Bencher Raj Sharda, who practises at Sharda Law Office in Toronto and Brampton, Ont., seconded Galati’s suggestion to remove the letter from the report rather than approve the report as a whole. Bencher Janet Leiper, a former Toronto integrity commissioner, moved to amend Galati’s motion to send the report back to the committee for further research to be re-presented to Convocation.

Janis Criger, president of the Ontario Deputy Judges Association, was one of several who spoke in favour of the report at Convocation, noting the extensive research done by the Human Rights Monitoring Group and the importance of upholding the rule of law in the face of tyranny.

“The tension, I think, is between those who would take what was before Convocation based on the recommendation of the Human Rights Monitoring Group and the work that was done and those who were concerned, I think — the fact that this was a country within the European Union and subject to [its] own constitution within that commutative framework — should have the result that we should be less likely to intervene, Treasurer Malcolm Mercer told reporters. “I thought it was a good, healthy debate.”

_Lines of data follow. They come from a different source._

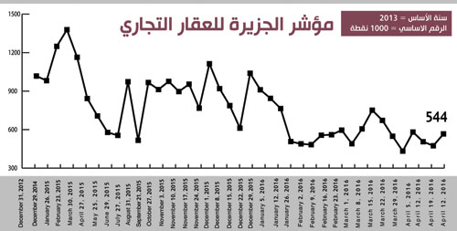 عاود مؤشر الجزيرة للعقار التجاري ارتفاعه خلال تداولات الأسبوع ليغلق المؤشر عند مستوى 539 نقطة، مقارنة بإغلاق 521 نقطة للأسبوع قبل الماضي، أي بنسبة ارتفاع بلغت 3.4 بالمائة. وسجل أغلب مكونات المؤشر ارتفاع في النشاط باستثناء قطاعي الشقق التجاري والاراضي الزراعية التي تندرج تحت القطاع التجاري حيث انخفض الأول بنسبة 10 بالمائة وانخفض الأخير بنسبة 1 بالمائة، وفي المقابل ارتفع قطاع الأراضي التجارية بنسبة 2.3 بالمائة، كذلك ارتفع قطاع العمائر بنسبة 5 بالمائة، وبنفس النسبة ارتفع قطاع المعارض والمحلات. وارتفعت قيمة متوسط مؤشر الجزيرة التجاري لآخر 3 أشهر بمقدار أربع نقاط أساس لتبلغ 514 نقطة، أي أن القيمة الحالية للمؤشر أعلى من قيمة هذا المتوسط بنحو 4 بالمائة، وما زال نلاحظ أن القطاع التجاري لا يزال أنشط بشكل واضح من القطاع السكني خلال آخر شهرين تقريبا. وبالنسبة لأداء المؤشر التجاري منذ بداية العام الحالي 2016 فما يزال منخفض بنسبة 2.9 بالمائة، كذلك التغير في قيمة المؤشر منذ سنة التأسيس لا تزال سلبية بنسبة 46.1 بالمائة.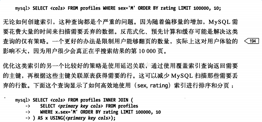 但是我看了下《高性能MySQL》也提到了延迟关联,是这样的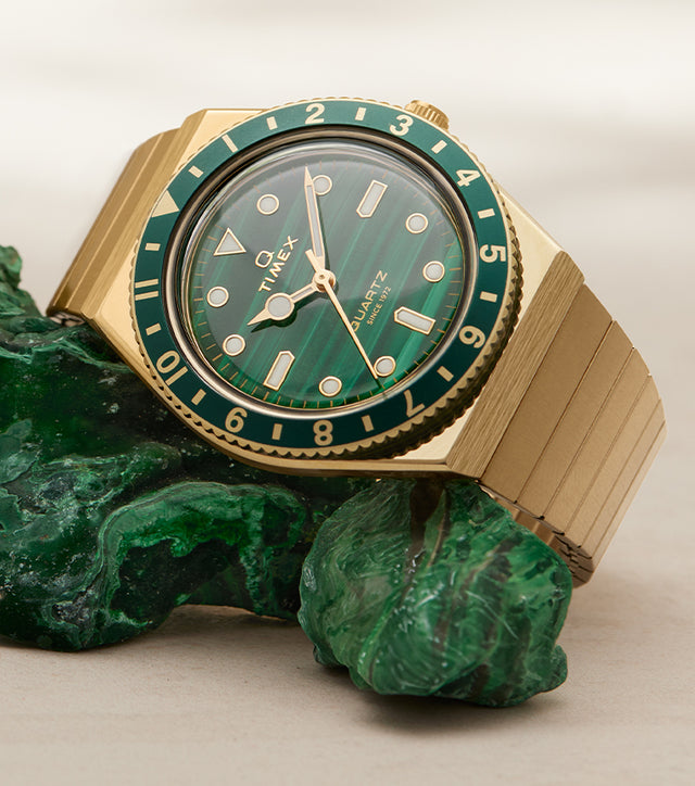 Our Women’s Q Timex brings the healing energy of the earth to your everyday look with a brilliant green malachite stone dial. Believed to cleanse the body of negativity and inspire positive transformation, natural malachite features unique striations that make each dial as one-of-a-kind as you. The brushed and polished 36mm gold-tone stainless-steel case is accented with a green bezel that beautifully complements the rich, earthy tones of the dial, and we’ve paired this beauty with our Perfect Fit stainless-steel expansion band for a hassle-free, custom fit. Echoing the heritage of our original Q Timex 1979 Reissue, this timepiece also boasts iconic features like a rotating bezel, functional battery hatch, and domed acrylic crystal.
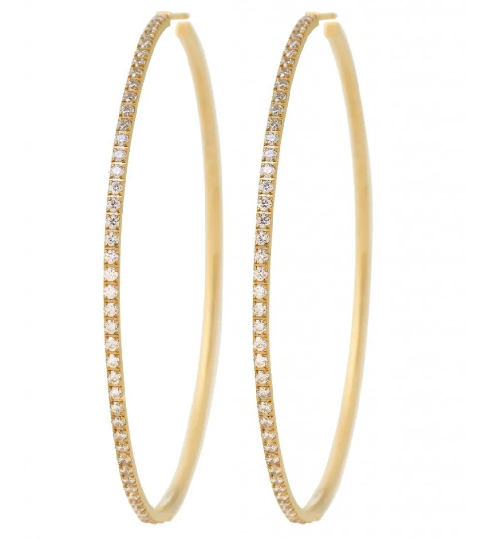 Härliga Glow creoler kommer här i en stor trendig modell som är självklar att bära på alla fester och tillställningar. Glow creloer mini är elegant tunna och storleken XL har klara stenar satta på halva örhängets utsida, metall i 14 karats guldpläterat stål.
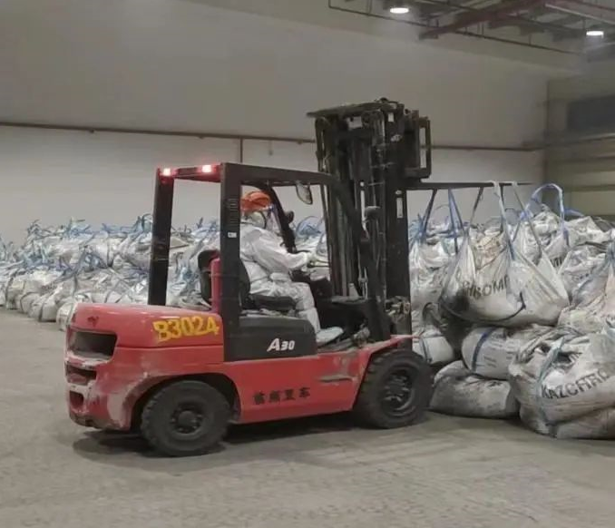 (叉車駕駛員在保稅區(qū)進(jìn)行噸袋裝卸)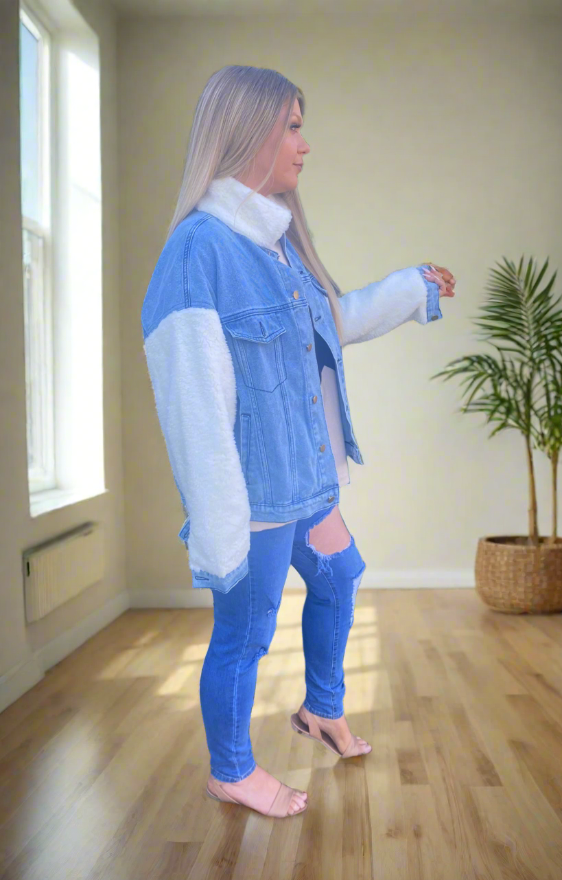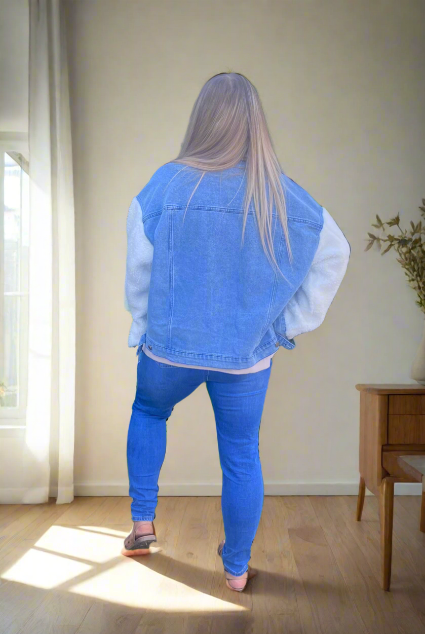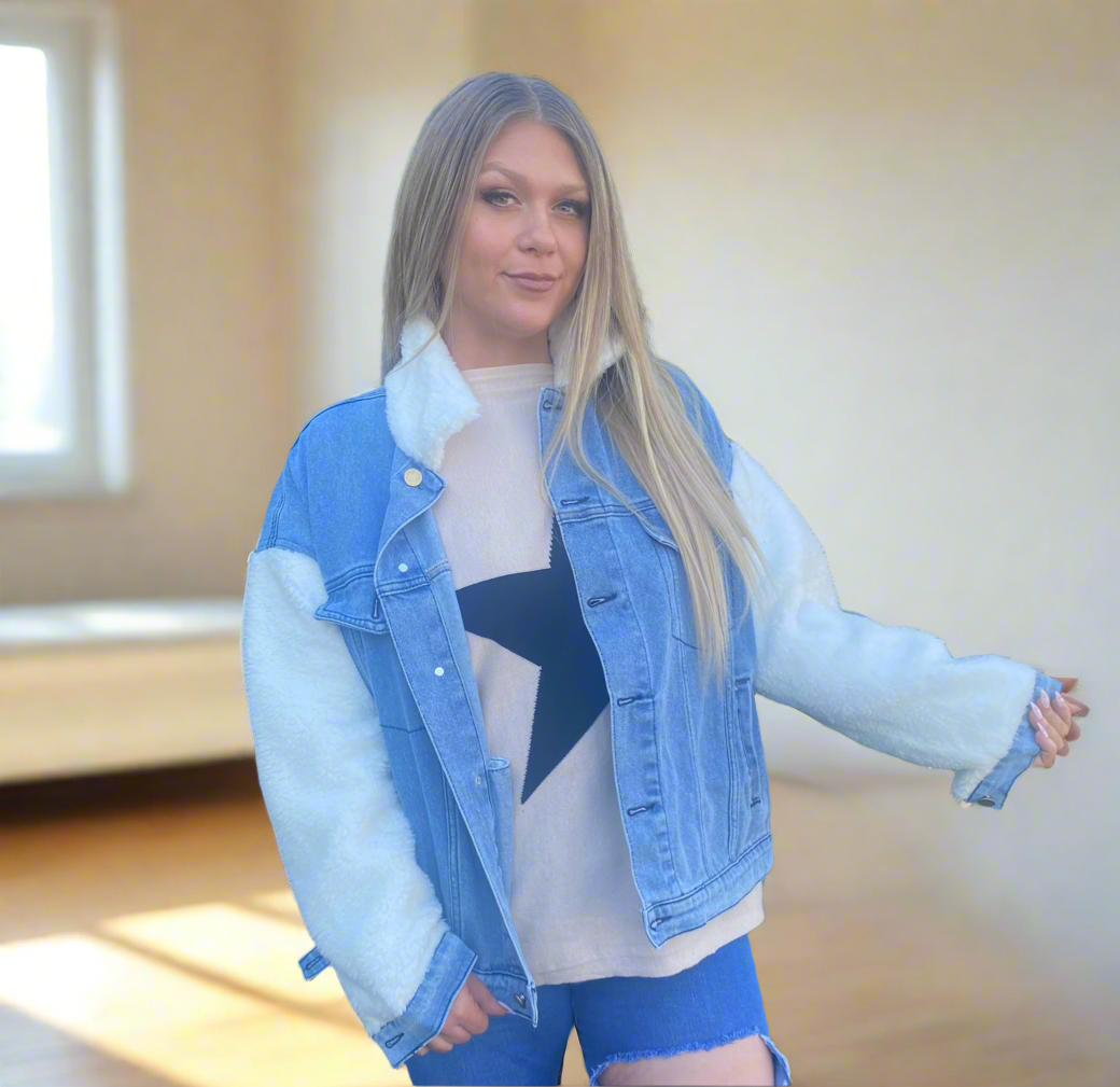 Experience ultimate comfort and style with our Blue Denim Jacket, featuring a soft and cozy white fleece lining.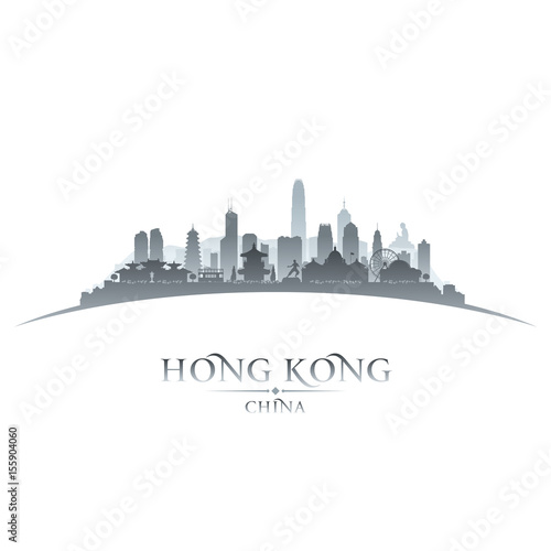 hong kong, china, city, skyline, silhouette, vector, background, asia, square, architecture, beautiful, building, city landscape, coast, dark, day, downtown, front, high, illustration, landmark, modern, postcard, poster, reflections, scraper, sky, skyscraper, sunrise, sunset, tall, travel, white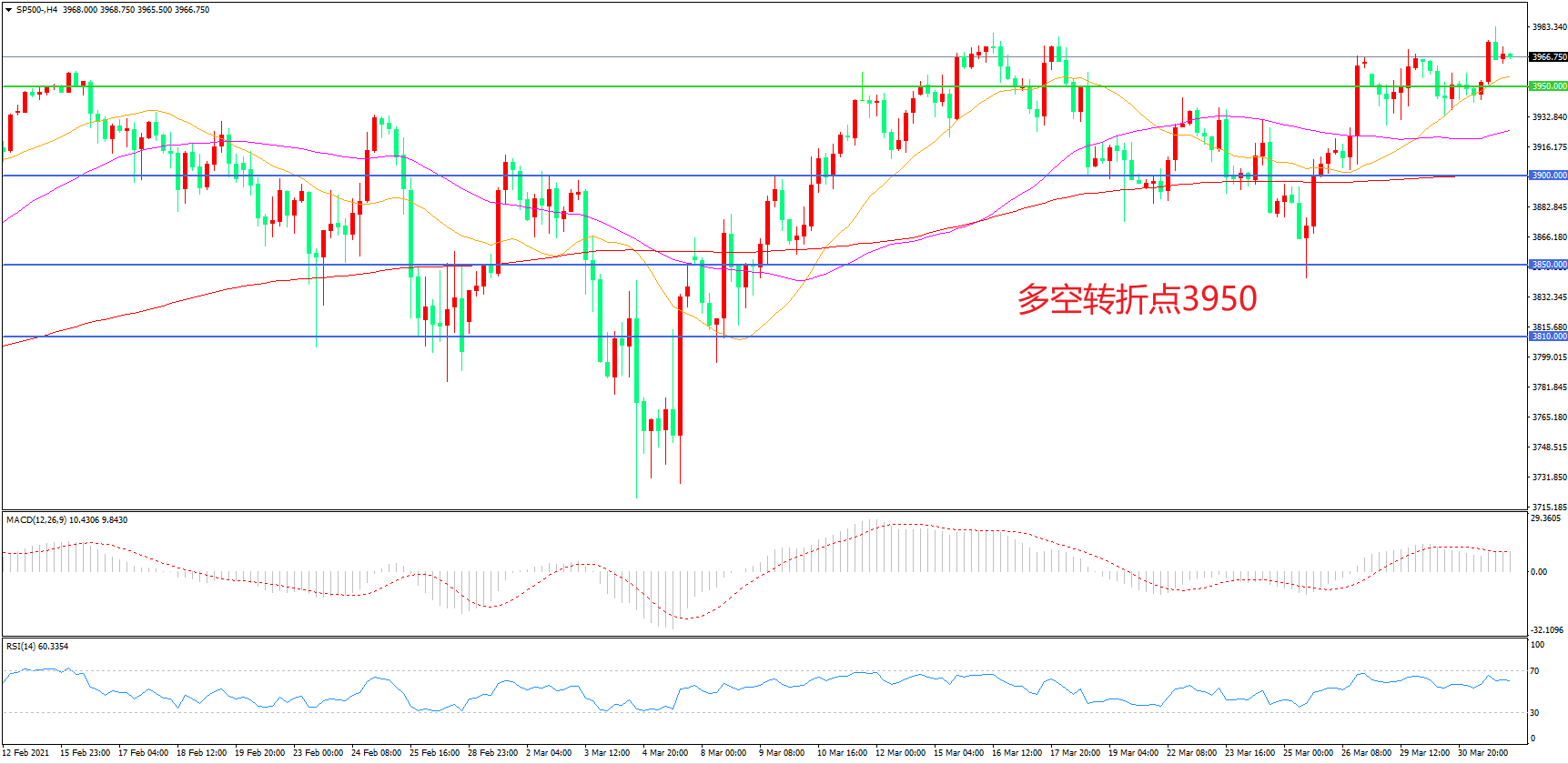4小时图看,标普500延续高位震荡,低点逐渐抬高,短期走势表现较强,21周期均线成为短期支撑,MACD红柱缩短,RSI指标走平,日内震荡上行概率较大。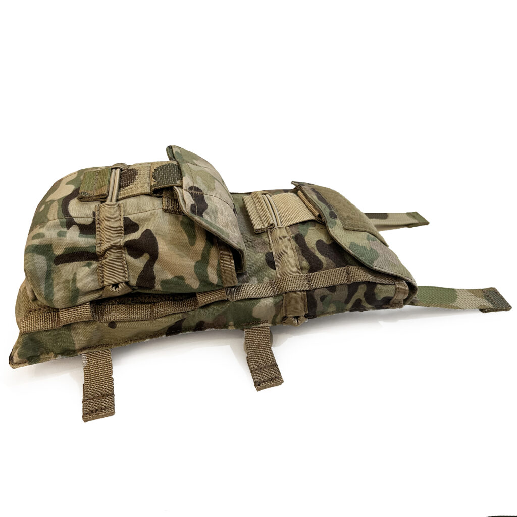 When the “Juice Box” is worn with the DZ Rig, we designed the size and shape to fit under any of our framed packs slotting perfectly in the harness dead space creating a versatile solution for long range patrols.

Ultimately, the report was approved with all three letters in a close vote, 22 to 21. Sharda, who originally supported withdrawing the letter about the Polish judiciary and might have tied up the vote, abstained from the vote, citing in the roll call the confusing wording of the amended motion.

Although Galati ended up in the minority, with several benchers expressing confusion over the voting process, he tells Legal Feeds he does not think there should be a recount or other type of roll call.

Rather, he says, the law society should consider whether its initiatives come off as “arrogant” or “holier than thou.”

“Jailing an Iranian lawyer in the most infamous prison in the world is different from forcing the chief justice of Poland to retire 15 years earlier, don’t you think? Where is the human rights abuse in that? All of a sudden your tenure is a human rights issue?” Galati says. “The law society has no place doing this on this scale. The law society has a place sending letters saying, ‘Listen, you jailed a lawyer for doing his job and we’re concerned about that.’”

“Let’s apply these standards to ourselves first before we do it to others.”